Making Way for Wayfair
Last year’s decision by the U.S. Supreme Court in South Dakota v. Wayfair overruled prior decisions that a state could impose sales and use tax collection responsibilities only on sellers with a physical presence in that state. (Wayfair is discussed elsewhere in this issue.)
While Texas has a single state sales tax rate, local sales tax rates vary from zero to 2 percent, which could complicate tax remittance and collection responsibilities for out-of-state sellers. With the passage of HB 2153, the Comptroller’s office can set a uniform sales and use tax rate to be collected by remote sellers.
Another new law, HB 1525, requires online “marketplaces” such as Etsy, Amazon and eBay to collect sales and use taxes on sales made by all third-party sellers who sell to Texans through their sites.
Our agency estimates the new laws and rules adopted to implement Wayfair will add $500 million to state coffers annually.

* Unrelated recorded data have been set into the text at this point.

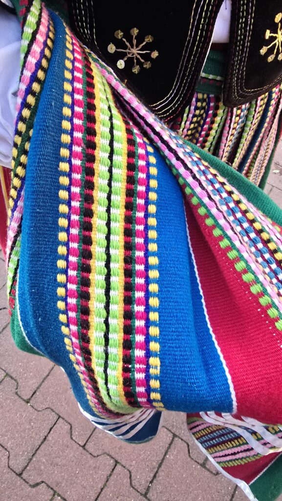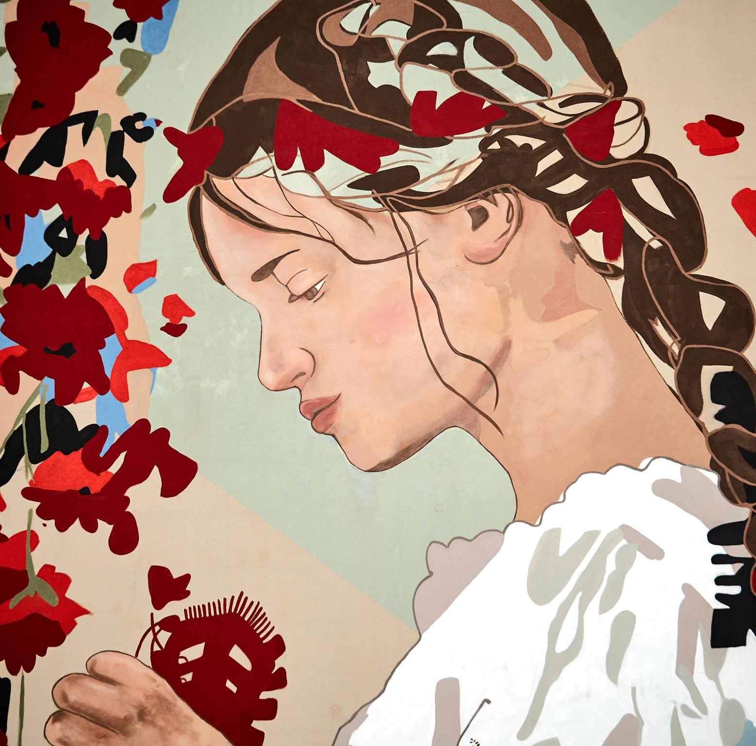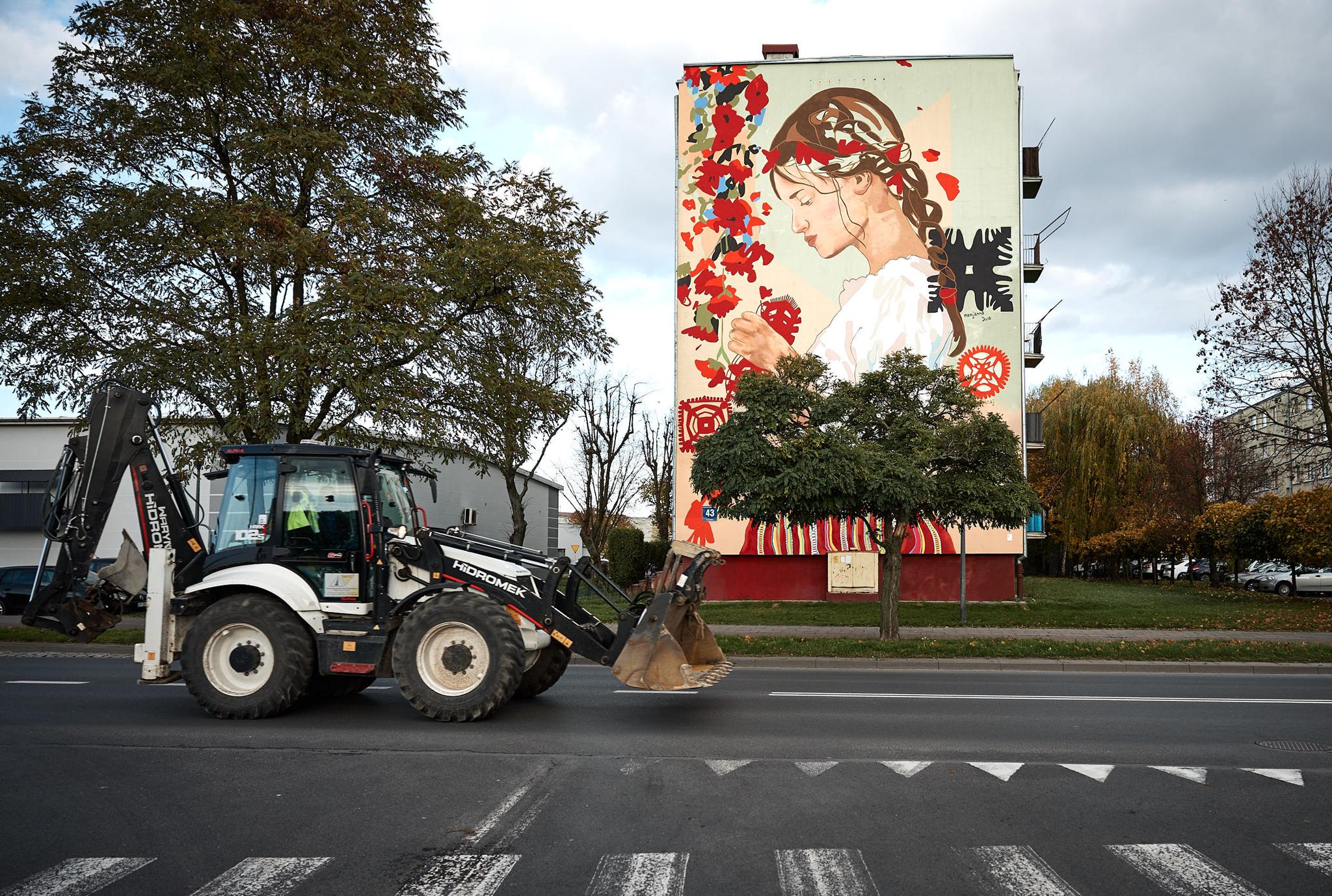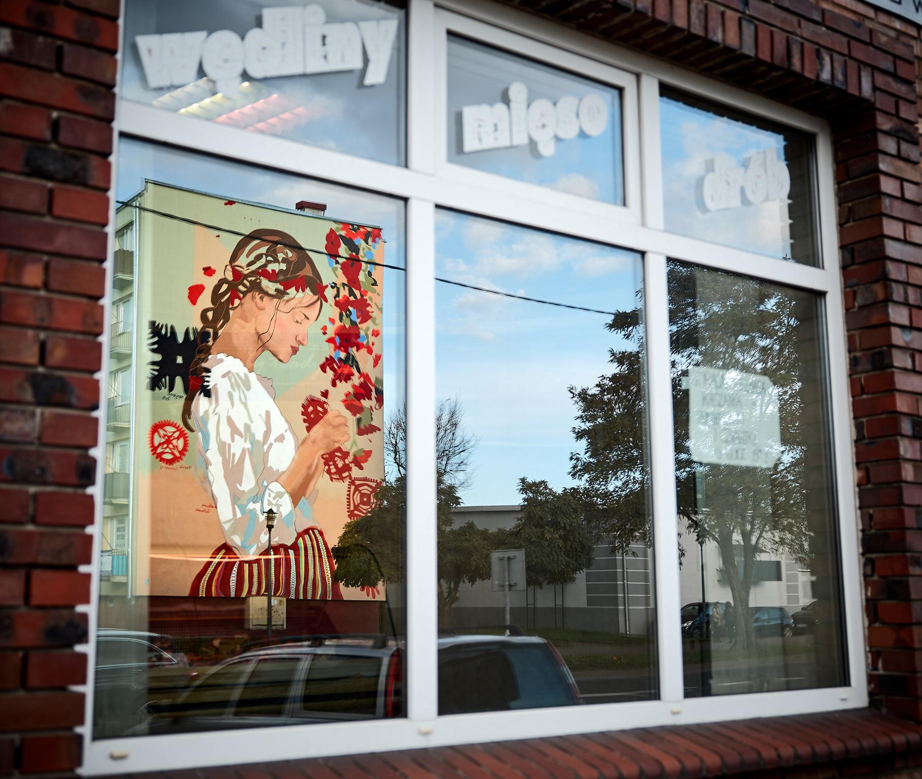 – Bardzo dużą inspiracją była moja mama, to jej obraz z młodości, zlepiony z kilku zdjęć. To jest nawiązanie do tego, żeby pamiętać skąd pochodzimy i jaką kulturę mamy „za sobą” – mówi młoda artystka. Praca powstała w wyniku konsultacji m.in. z mieszkańcami Piotrkowa podczas warsztatów, ale także z pracownikami Działu Strojów Ludowych i Tkanin oraz Działu Plastyki Ludowej Muzeum Archeologicznego i Etnograficznego w Łodzi. Bohaterka muralu ma na sobie strój z wzorami charakterystycznymi dla plecionki zdobiącej pasiaki piotrkowskiego stroju ludowego.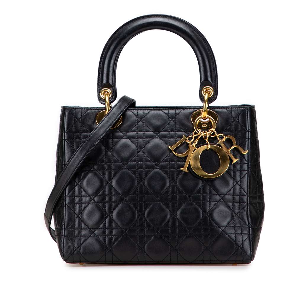 The Lady Dior features a quilted lambskin leather body, flat leather top handles, a detachable flat leather strap, a top zip closure, and an interior zip pocket.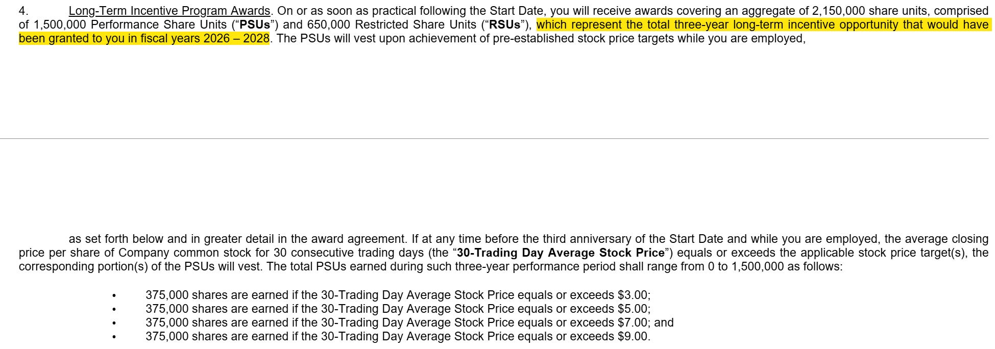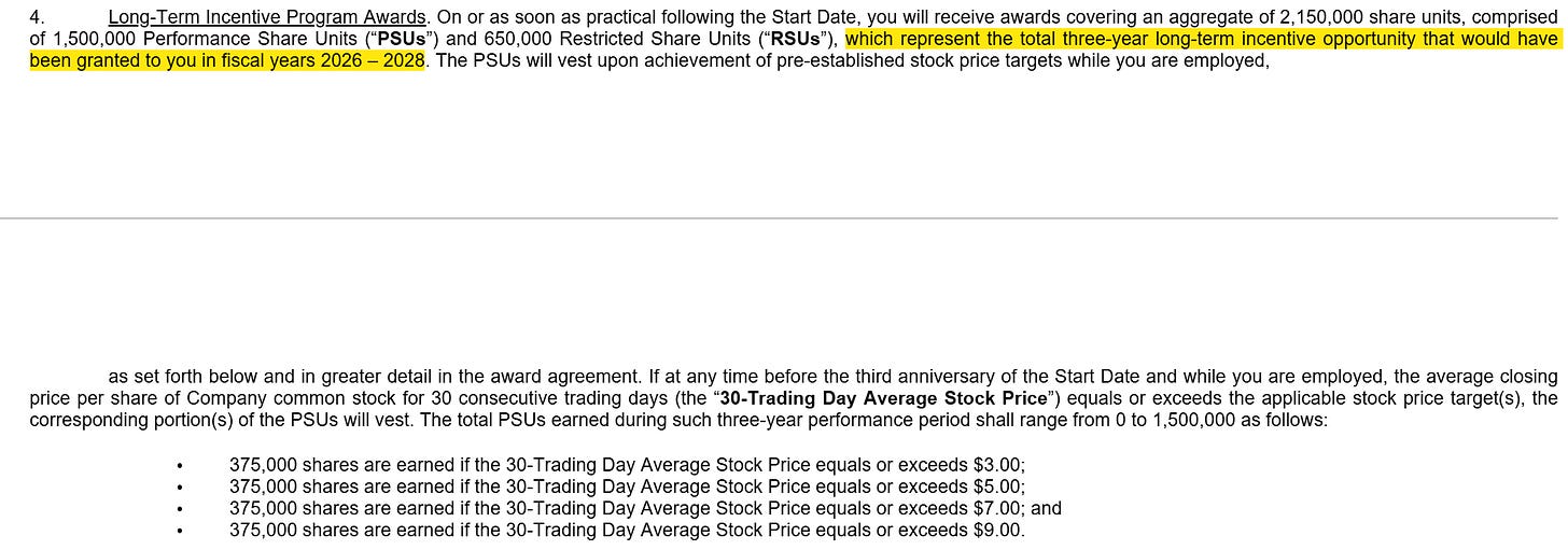 Again, an example will highlight this nicely. Consider HAIN; in December, they promoted their interim CEO to full time. As part of that promotion, they gave her a big PSU grant upfront and explicitly stated that the big grant represented three years’ worth of grants (i.e. she would not get any grants in FY27 or FY28). HAIN’s stock was trading for just over $1/share, and the grants required the stock to get to $3-9/share within three years. At the high end, this package was worth ~$13.5m in PSUs if the stock could 5-10x inside of three years.

Earning More with the Rainy Day Fund
For several years now, the Comptroller’s office has recommended investing the ESF in assets producing better returns for the state, through an initiative called the Legacy Fund. While lawmakers didn’t create the fund, SB 69 will allow the agency to move up to 75 percent of the Rainy Day Fund into prudent but higher-yield investments that would maintain the state’s purchasing power.
“We’re moving in the right direction,” Hegar said, “and at the very least won’t be treating our savings account like cash buried on the Capitol lawn.” FN
The January 2019 issue of Fiscal Notes provides an in-depth overview of the history of school finance in Texas. More about the health of the state’s pension funds can be found in the February issue at FiscalNotes.com.